**Available data**:
[Start of Attachment]

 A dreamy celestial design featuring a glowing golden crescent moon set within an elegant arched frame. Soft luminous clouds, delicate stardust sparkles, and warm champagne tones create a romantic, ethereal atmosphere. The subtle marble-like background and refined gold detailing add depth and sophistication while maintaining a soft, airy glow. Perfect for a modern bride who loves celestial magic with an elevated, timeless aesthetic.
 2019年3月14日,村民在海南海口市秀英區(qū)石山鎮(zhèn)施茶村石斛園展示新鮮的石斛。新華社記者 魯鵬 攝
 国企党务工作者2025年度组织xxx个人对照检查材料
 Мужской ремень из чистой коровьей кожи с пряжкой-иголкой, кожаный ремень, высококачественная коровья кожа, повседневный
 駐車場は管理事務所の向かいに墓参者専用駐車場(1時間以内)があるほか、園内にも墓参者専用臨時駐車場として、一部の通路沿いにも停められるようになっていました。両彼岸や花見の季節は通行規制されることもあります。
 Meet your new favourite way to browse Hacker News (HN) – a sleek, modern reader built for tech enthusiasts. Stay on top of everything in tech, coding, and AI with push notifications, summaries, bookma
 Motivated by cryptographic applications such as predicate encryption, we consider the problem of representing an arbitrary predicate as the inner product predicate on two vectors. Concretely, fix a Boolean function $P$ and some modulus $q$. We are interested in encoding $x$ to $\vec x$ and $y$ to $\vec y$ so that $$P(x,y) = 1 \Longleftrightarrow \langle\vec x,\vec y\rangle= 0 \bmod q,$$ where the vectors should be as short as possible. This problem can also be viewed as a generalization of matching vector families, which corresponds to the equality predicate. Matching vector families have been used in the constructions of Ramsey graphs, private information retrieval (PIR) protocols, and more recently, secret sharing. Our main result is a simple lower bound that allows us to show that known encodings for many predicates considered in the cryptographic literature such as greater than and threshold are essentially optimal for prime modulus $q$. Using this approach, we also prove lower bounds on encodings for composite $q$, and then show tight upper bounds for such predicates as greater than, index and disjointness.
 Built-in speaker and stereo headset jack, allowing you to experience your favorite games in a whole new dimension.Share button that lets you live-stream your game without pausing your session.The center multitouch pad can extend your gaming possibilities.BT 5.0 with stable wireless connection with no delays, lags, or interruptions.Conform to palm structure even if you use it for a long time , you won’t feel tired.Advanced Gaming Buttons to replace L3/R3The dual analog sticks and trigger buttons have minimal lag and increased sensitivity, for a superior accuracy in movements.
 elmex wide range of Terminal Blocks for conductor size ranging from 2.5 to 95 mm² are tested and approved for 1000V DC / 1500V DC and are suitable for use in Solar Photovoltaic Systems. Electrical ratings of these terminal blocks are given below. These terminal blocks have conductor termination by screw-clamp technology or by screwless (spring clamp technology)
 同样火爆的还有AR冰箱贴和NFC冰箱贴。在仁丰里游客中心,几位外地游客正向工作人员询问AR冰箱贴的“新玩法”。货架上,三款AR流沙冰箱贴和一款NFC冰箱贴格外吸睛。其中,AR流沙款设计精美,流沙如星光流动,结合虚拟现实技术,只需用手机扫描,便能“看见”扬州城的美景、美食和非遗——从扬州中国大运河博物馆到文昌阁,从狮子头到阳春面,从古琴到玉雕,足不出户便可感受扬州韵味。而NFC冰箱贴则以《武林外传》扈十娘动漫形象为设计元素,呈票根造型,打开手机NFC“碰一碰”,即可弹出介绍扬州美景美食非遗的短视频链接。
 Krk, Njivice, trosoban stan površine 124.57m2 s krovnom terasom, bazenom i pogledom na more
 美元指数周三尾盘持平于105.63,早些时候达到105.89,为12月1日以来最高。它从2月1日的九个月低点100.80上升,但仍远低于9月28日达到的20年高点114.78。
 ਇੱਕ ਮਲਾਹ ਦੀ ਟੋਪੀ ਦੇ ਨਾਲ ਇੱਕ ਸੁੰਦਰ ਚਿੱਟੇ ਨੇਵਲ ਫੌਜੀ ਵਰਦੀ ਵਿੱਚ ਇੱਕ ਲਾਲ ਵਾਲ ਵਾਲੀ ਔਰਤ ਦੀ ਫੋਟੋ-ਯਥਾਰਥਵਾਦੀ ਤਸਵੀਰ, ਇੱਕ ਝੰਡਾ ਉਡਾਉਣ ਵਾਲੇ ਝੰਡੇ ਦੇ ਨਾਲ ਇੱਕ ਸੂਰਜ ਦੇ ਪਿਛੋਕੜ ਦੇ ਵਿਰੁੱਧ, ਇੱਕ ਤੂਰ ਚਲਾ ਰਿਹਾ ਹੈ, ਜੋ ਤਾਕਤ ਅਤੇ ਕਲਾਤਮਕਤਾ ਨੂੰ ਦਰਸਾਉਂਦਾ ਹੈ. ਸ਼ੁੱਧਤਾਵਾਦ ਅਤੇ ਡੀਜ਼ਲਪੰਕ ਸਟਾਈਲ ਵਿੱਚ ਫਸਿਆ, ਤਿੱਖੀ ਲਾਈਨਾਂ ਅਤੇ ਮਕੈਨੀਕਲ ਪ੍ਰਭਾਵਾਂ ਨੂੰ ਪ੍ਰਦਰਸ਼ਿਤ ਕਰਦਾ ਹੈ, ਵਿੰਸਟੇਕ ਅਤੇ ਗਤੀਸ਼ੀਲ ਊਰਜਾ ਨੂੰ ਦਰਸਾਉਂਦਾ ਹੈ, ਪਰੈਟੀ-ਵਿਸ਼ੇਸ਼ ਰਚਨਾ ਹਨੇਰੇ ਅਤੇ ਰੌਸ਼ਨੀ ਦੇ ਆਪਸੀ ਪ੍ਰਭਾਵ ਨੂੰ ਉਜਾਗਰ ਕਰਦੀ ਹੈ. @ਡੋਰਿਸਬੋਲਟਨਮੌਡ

[End of Attachment]

**Task statement**: Copy every line of the listing containing the string "modern".

**Written response**:
 A dreamy celestial design featuring a glowing golden crescent moon set within an elegant arched frame. Soft luminous clouds, delicate stardust sparkles, and warm champagne tones create a romantic, ethereal atmosphere. The subtle marble-like background and refined gold detailing add depth and sophistication while maintaining a soft, airy glow. Perfect for a modern bride who loves celestial magic with an elevated, timeless aesthetic.
 Meet your new favourite way to browse Hacker News (HN) – a sleek, modern reader built for tech enthusiasts. Stay on top of everything in tech, coding, and AI with push notifications, summaries, bookma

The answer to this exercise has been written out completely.